Viktoriia Bilychenko and her daughter Polina have been exploring the lakes and mountains in Switzerland. It’s a welcome distraction from the war in their homeland.This content was published on June 7, 2022 - 10:23
- Deutsch Viktoriia und Polina entdecken die Schweiz (original)
- Español Viktoriia y Polina descubren Suiza
- Português Viktoriia e Polina descobrindo a Suíça
- 中文 Viktoriia和Polina的“发现瑞士”之旅
- عربي فيكتوريا وبولينا تكتشفان سويسرا
- Français Viktoriia et Polina découvrent la Suisse
- Pусский Виктория и Полина открывают для себя Швейцарию
- 日本語 ビクトリアとポリーナ、スイスを発見する
- Italiano Viktoriia e Polina scoprono la Svizzera
- Вікторія та Поліна відкривають для себе Швейцарію
Until the end of May, refugees from Ukraine could use Swiss public transport free of charge. Viktoriia and Polina, who came to live with me from the city of Mykolaiv in southern Ukraine, used the opportunity to get to know their host country better.

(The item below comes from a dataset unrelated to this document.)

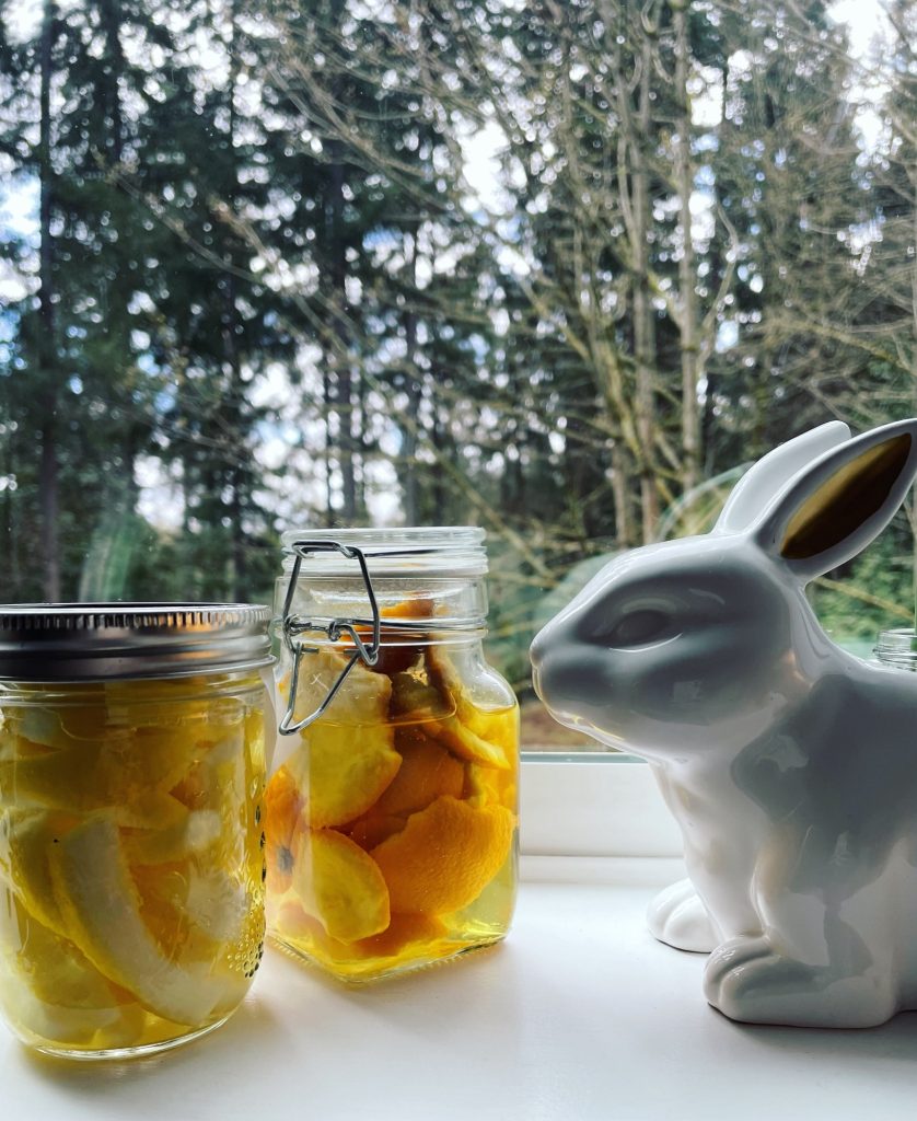 Step One: Put the citrus peels in a 12 oz. mason jar and then fill the jar with distilled white vinegar. Let it sit for a minimum of 2 weeks – this can be on your countertop, on a shelf, or in your pantry. I like to make a note of the date that it will be ready on the top with a small sticky note.

They have travelled to the picturesque town of Thun, walked along the shores of Lake Neuchâtel, and visited the the Abbey Library of Saint Gall. They have also been to Lake Oeschinen in the Bernese Oberland, which is a UNESCO World Heritage Site and one of the most beautiful mountain lakes in the Alps.
We travelled to Zermatt together. From the window of the Matterhorn-Gotthard train, Viktoriia took photos and videos of the impressive gorges and rock formations. Her daughter, meanwhile, was busy looking at her mobile phone – a pity really, but I guess I also preferred reading comics to admiring nature at that age.
As a big fan of Swiss chocolate, Viktoriia really wanted to see the Matterhorn, which is depicted on the distinctive Toblerone box. She bought a bar at the railway station in order to pose in front of the world-famous mountain. Unfortunately, the summit of the Matterhorn was shrouded in clouds that day – but it was still beautiful.
The mother and daughter are trying to make the best of a difficult situation. They are not here by choice. They are not tourists, and this is not a holiday for them.
On the whole, we have now settled into a comfortable routine. Polina, who is 11 years old, goes to school every day, and she is working hard on her German vocabulary. She even scored full marks on her first test. In a further achievement, she overcame her initial fear and successfully made it around the ropes course at an adventure park in Bern, during the birthday party of a Ukrainian classmate and neighbour.
Viktoriia is also making progress in German. She attends German lessons twice a week, alongside her work as an IT coach.
In early May she received sad news. A 28-year-old colleague, who had trained with her last year, had been killed. He was the first victim of the war who she knew personally, and one of the many thousands who have lost their lives, leaving behind their families and loved ones – in Ukraine, but also in Russia.
Viktoriia has been very worried about her brother. Despite having no military training, he volunteered to defend his country. In mid-May he was called up. As the actual reporting day drew closer, his sister grew more and more anxious. She learned, with huge relief, that he had not been accepted – much to his frustration. Now he is on the reserve list.
On the last Friday of May, Viktoriia’s mother – who has been working in Jarocin in western Poland since the start of the war – wanted to travel to Switzerland for the day. She was ready to undergo a 12-hour coach journey of 1,000 kilometres in order to spend just a few hours with her daughter and granddaughter in Zurich, as they had not seen each other for more than three months. They had been looking forward to the day immensely, and were all the more disappointed when the whole trip was cancelled, as too few people had signed up for it.